Monday 19 October 2009


Medicines for Rwanda -- but what about the 'drug miles'?

Shire Canada Inc., a division of Shire plc, announced today its voluntary cooperation to enable further royalty-free access to HIV/AIDS medicines for Rwanda as part of that company's ongoing collaborative efforts to improve health and save lives in the developing world.

Shire is a supporter of Canada's Access to Medicines Regime (CAMR) -- under which Canadian generic companies can manufacture in Canada a fixed dose triple combination antiretroviral medicine that contains 3TC(R), a patented drug over which Shire Canada owns the local patent rights. According to Shire Canada VC Claude Perron,

"Shire is totally supportive of this initiative, and will work collaboratively with government and non-governmental agencies worldwide to help secure medicines for those that request it. Our industry wide efforts are aimed not only at preventing and treating HIV/AIDS but also tuberculosis, malaria and other diseases that affect sub Saharan Africa."
The CAMR is a positive consequence of the August 2003 World Trade Organization (WTO) agreement which lets WTO member countries with pharmaceutical manufacturing capacity issue licences for the manufacture and export of generic versions of patented drugs and medical devices to developing countries that do not have the capacity to manufacture the products themselves.
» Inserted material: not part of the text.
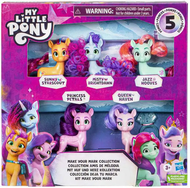 - MAKE YOUR MARK COLLECTION: Imagine a trip to Mane Melody or a trot through Maretime Bay with Queen Haven, Misty Brightdawn, Jazz Hooves, Princess Pipp Petals, and Sunny Starscout toys

What Afro Leo would like to know is what steps are taken to transfer to Rwanda, and other HIV/AIDS-rife jurisdictions, the necessary technology and know-how to enable them to manufacture vital patented medicines locally rather than have them sent half way round the world, virtually from the Arctic to the equator. Once the principle of licensing the manufacture of generics is accepted, there must surely be a more efficient way of doing it. In developed countries, foods flown in from developing African economies are often tainted with the environmentally hostile stigma of 'food miles'. Surely the same can be said of the 'drug miles' clocked up by pharma products travelling in the opposite direction.